- Born: Wayne Frost December 4, 1963 New York City, New York
- Died: April 3, 2008 (aged 44) Manhattan, New York
- Known for: B-boying
- Movement: Hip hop

= Frosty Freeze =

American dancer (1963–2008)

Wayne "Frosty Freeze" Frost (December 4, 1963 – April 3, 2008), also known as The Freeze To Please, was an American old school hip hop b-boy known as a member of the second generation of the hip hop/breakdancing group, Rock Steady Crew. His nickname was a play on words based on the well-known milkshake-serving restaurant of the same name.

He was known for his comedic, acrobatic, and inventive style. His trademark move is known as "dead man drop", a move that he created accidentally by attempting a poorly executed backflip and landing on his back.

His was featured in various films and documentaries such as Flashdance, Wild Style, Style Wars, and The Freshest Kids; he also appeared on the cover of The Village Voice in 1981. He was also featured in early hip hop music videos such as Afrika Bambaataa and The Soulsonic Force's "Planet Rock" and Malcolm McLaren's "Buffalo Gals".

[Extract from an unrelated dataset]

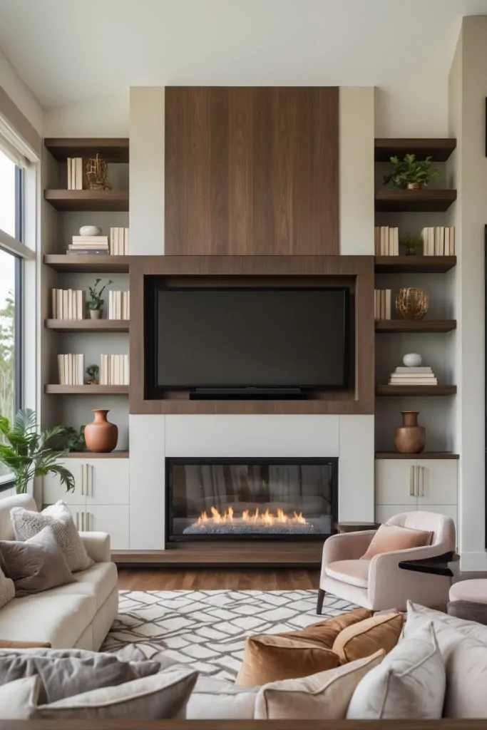 A built-in fireplace TV wall is the epitome of functional elegance. This design integrates custom shelving units on either side of the fireplace, offering abundant storage and display space without sacrificing style. These shelves provide the perfect opportunity to showcase books, plants, art pieces, and personal memorabilia, making your living room uniquely yours.

In 2004, he and several other members of The Rock Steady Crew were honored at the VH-1 Hip Hop Honors.

Frosty Freeze lived in New York City. He regularly made appearances at many hip-hop events throughout the New York metropolitan area and elsewhere in the United States.

==Death==
He became increasingly ill during early 2008 from an undisclosed long illness, went on life support on March 27, and died on April 3, 2008.